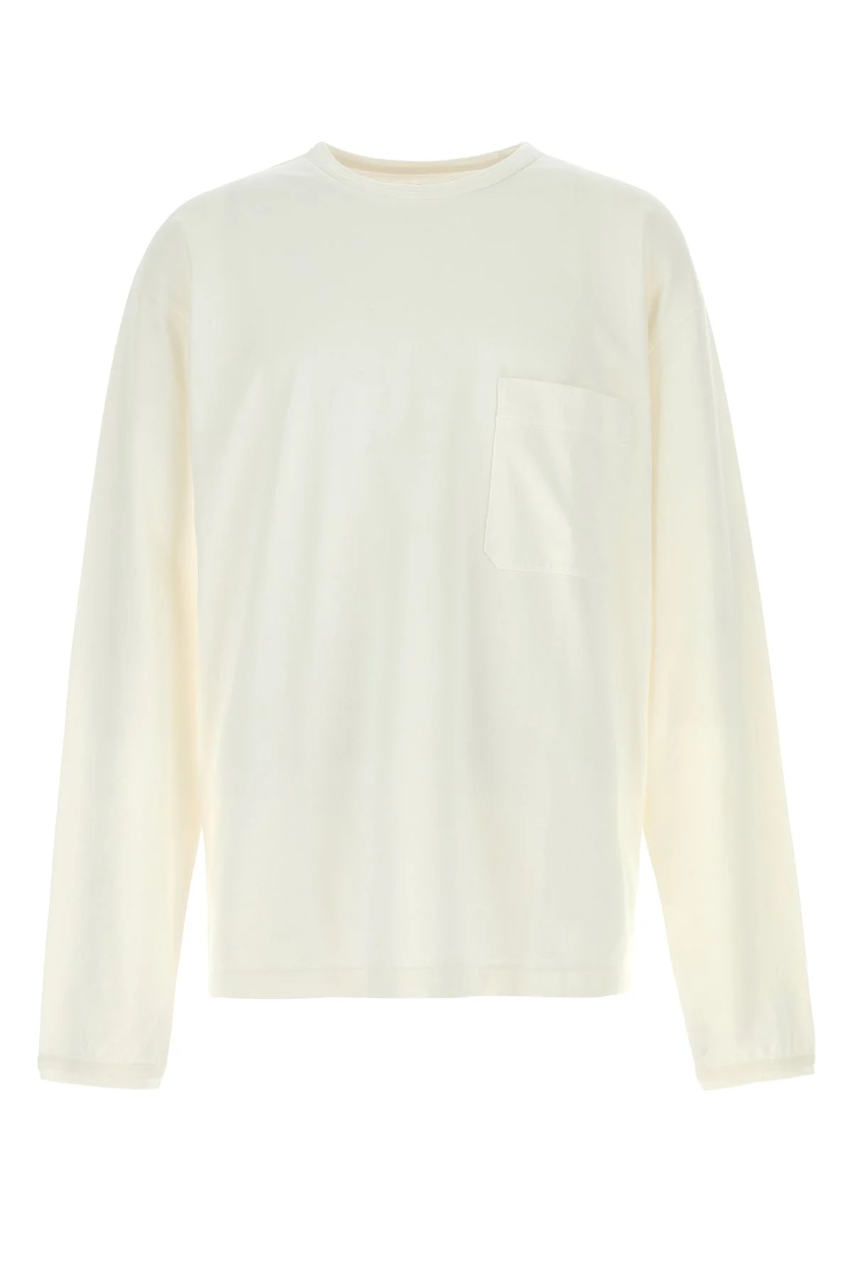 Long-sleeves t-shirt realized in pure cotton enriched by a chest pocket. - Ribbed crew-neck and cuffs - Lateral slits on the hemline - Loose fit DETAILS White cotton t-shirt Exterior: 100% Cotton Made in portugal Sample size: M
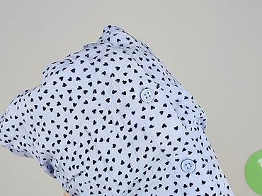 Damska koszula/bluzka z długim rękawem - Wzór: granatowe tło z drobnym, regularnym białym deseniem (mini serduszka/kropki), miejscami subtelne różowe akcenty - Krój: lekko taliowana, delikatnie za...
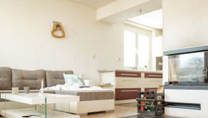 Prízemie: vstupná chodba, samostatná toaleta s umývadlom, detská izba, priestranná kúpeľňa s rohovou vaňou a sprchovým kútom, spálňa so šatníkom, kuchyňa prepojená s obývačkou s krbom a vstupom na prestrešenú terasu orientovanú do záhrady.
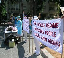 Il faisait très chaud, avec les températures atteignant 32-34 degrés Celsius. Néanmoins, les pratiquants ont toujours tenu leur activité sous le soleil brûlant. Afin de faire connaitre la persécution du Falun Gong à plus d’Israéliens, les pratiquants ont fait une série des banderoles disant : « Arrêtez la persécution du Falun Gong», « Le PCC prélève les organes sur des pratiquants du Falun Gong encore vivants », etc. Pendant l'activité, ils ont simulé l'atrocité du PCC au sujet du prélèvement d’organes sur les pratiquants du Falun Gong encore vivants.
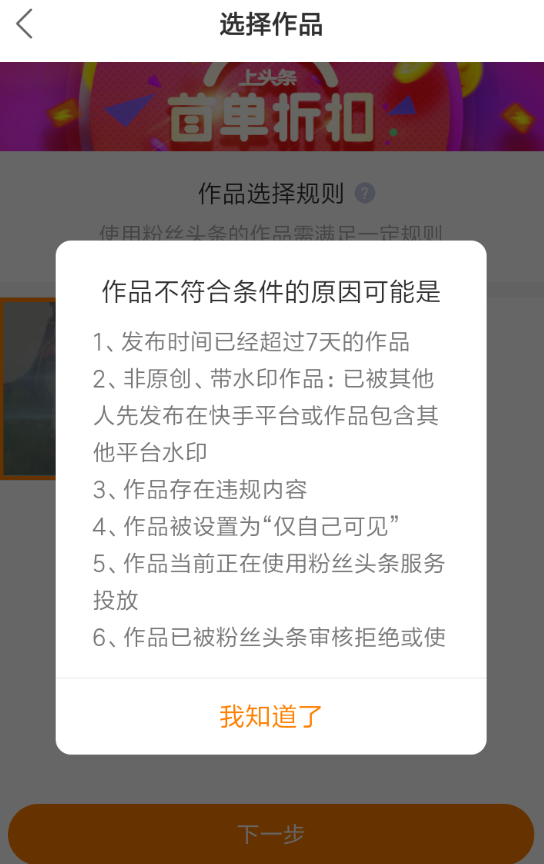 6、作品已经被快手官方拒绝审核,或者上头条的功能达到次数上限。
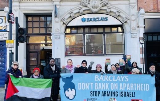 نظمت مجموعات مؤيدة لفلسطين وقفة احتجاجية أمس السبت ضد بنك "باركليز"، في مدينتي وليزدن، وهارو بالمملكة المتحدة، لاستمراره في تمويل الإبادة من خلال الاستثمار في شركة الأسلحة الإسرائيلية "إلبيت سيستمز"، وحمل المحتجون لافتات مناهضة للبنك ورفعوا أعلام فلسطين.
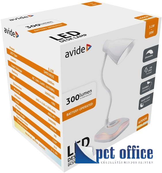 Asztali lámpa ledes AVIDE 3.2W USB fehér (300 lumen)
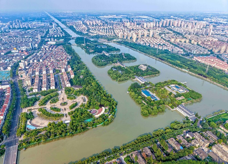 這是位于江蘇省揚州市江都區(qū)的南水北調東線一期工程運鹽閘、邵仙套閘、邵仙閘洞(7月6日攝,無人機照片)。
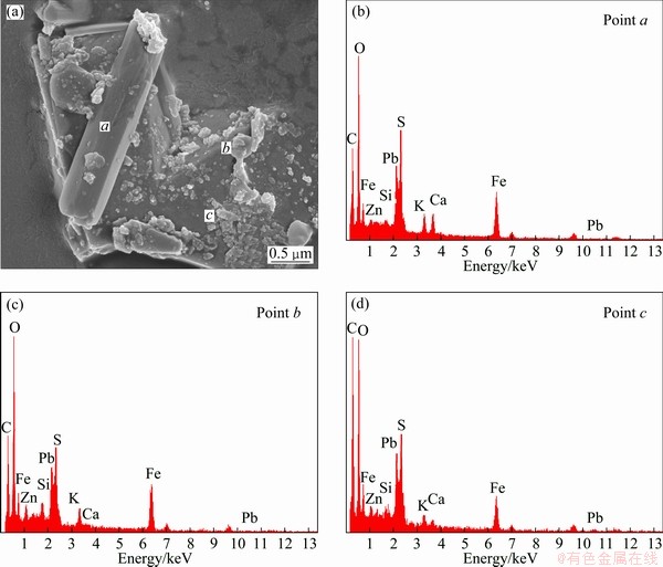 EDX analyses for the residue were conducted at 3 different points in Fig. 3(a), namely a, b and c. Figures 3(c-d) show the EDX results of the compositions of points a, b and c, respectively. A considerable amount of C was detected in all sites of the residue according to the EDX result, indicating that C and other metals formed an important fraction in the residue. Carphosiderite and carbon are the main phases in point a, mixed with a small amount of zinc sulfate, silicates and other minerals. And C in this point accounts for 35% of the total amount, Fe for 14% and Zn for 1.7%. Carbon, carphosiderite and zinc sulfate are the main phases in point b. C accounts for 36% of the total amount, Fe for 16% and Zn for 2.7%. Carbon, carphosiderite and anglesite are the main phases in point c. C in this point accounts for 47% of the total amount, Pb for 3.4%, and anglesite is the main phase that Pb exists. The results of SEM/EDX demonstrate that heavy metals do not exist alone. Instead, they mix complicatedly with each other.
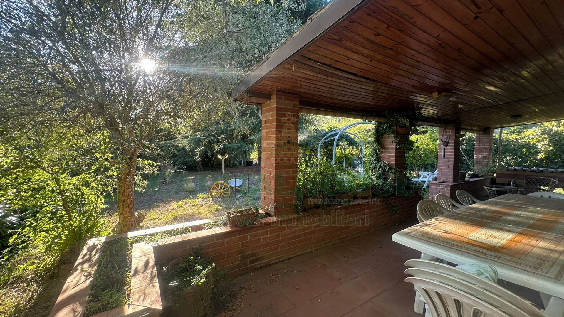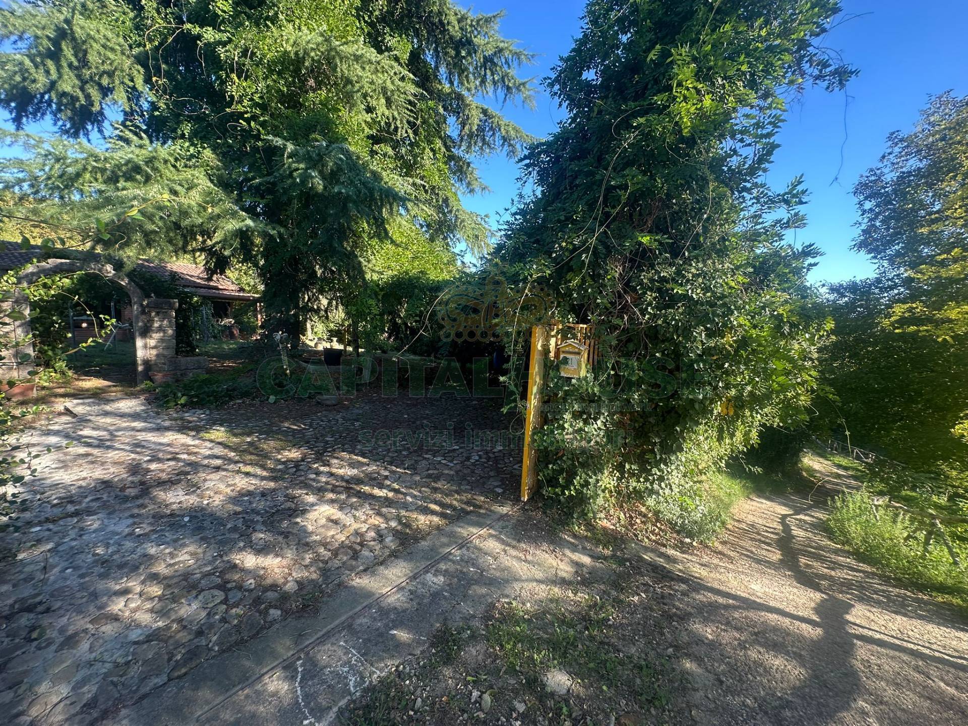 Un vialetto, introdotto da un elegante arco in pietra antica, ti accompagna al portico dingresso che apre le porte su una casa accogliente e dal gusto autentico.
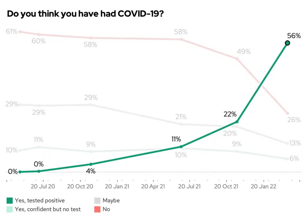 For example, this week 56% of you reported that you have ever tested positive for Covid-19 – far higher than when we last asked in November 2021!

····················

— Task requirements —
Extract the lines exactly, please: the first line of the listing, the line with "這是位于江蘇省揚州市江都區(qū)的南水", and every line between them, but no pictures.

— Solution to this problem —
 Long-sleeves t-shirt realized in pure cotton enriched by a chest pocket. - Ribbed crew-neck and cuffs - Lateral slits on the hemline - Loose fit DETAILS White cotton t-shirt Exterior: 100% Cotton Made in portugal Sample size: M
 Damska koszula/bluzka z długim rękawem - Wzór: granatowe tło z drobnym, regularnym białym deseniem (mini serduszka/kropki), miejscami subtelne różowe akcenty - Krój: lekko taliowana, delikatnie za...
 Prízemie: vstupná chodba, samostatná toaleta s umývadlom, detská izba, priestranná kúpeľňa s rohovou vaňou a sprchovým kútom, spálňa so šatníkom, kuchyňa prepojená s obývačkou s krbom a vstupom na prestrešenú terasu orientovanú do záhrady.
 Il faisait très chaud, avec les températures atteignant 32-34 degrés Celsius. Néanmoins, les pratiquants ont toujours tenu leur activité sous le soleil brûlant. Afin de faire connaitre la persécution du Falun Gong à plus d’Israéliens, les pratiquants ont fait une série des banderoles disant : « Arrêtez la persécution du Falun Gong», « Le PCC prélève les organes sur des pratiquants du Falun Gong encore vivants », etc. Pendant l'activité, ils ont simulé l'atrocité du PCC au sujet du prélèvement d’organes sur les pratiquants du Falun Gong encore vivants.
 6、作品已经被快手官方拒绝审核,或者上头条的功能达到次数上限。
 نظمت مجموعات مؤيدة لفلسطين وقفة احتجاجية أمس السبت ضد بنك "باركليز"، في مدينتي وليزدن، وهارو بالمملكة المتحدة، لاستمراره في تمويل الإبادة من خلال الاستثمار في شركة الأسلحة الإسرائيلية "إلبيت سيستمز"، وحمل المحتجون لافتات مناهضة للبنك ورفعوا أعلام فلسطين.
 Asztali lámpa ledes AVIDE 3.2W USB fehér (300 lumen)
 這是位于江蘇省揚州市江都區(qū)的南水北調東線一期工程運鹽閘、邵仙套閘、邵仙閘洞(7月6日攝,無人機照片)。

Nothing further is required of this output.